→ Task instructions
A verbatim reproduction of the following listing is required; omit the pictures.

[Supplied information Boundary: Start]

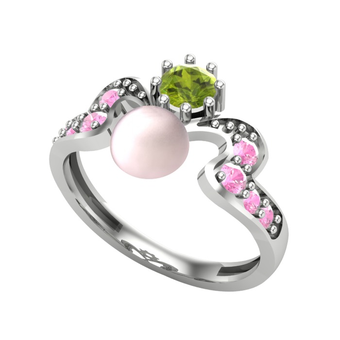 Pembe inci, peridot ve pembe kuvars 14 ayar beyaz altın yüzük
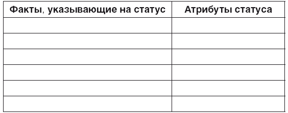 Вы должны заполнить таблицу не менее чем на 4 пункта. Обозначьте признаки формального статуса, а также атрибуты, которые могут свидетельствовать о таковом, в том числе тогда, когда человек им в реальности не обладает. Точнее, он пытается выдавать свой мнимый статус за подлинный.
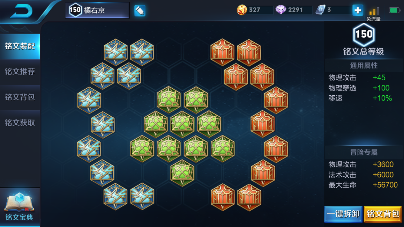 铭文解析:这套铭文携带的是隐匿百穿铭文,主要是用来提高橘右京的前期伤害。蓝色之所以没有选择狩猎,是因为攻速对橘右京并不是很重要,而橘右京是一个靠技能打伤害的英雄,只需要带移速就可以了,便于橘右京的游走支援。橘右京前期伤害是很高的,搭配上这样的铭文,前期会有一个很恐怖的伤害。

[Supplied information Boundary: End]

→ Answer
 Pembe inci, peridot ve pembe kuvars 14 ayar beyaz altın yüzük
 Вы должны заполнить таблицу не менее чем на 4 пункта. Обозначьте признаки формального статуса, а также атрибуты, которые могут свидетельствовать о таковом, в том числе тогда, когда человек им в реальности не обладает. Точнее, он пытается выдавать свой мнимый статус за подлинный.
 铭文解析:这套铭文携带的是隐匿百穿铭文,主要是用来提高橘右京的前期伤害。蓝色之所以没有选择狩猎,是因为攻速对橘右京并不是很重要,而橘右京是一个靠技能打伤害的英雄,只需要带移速就可以了,便于橘右京的游走支援。橘右京前期伤害是很高的,搭配上这样的铭文,前期会有一个很恐怖的伤害。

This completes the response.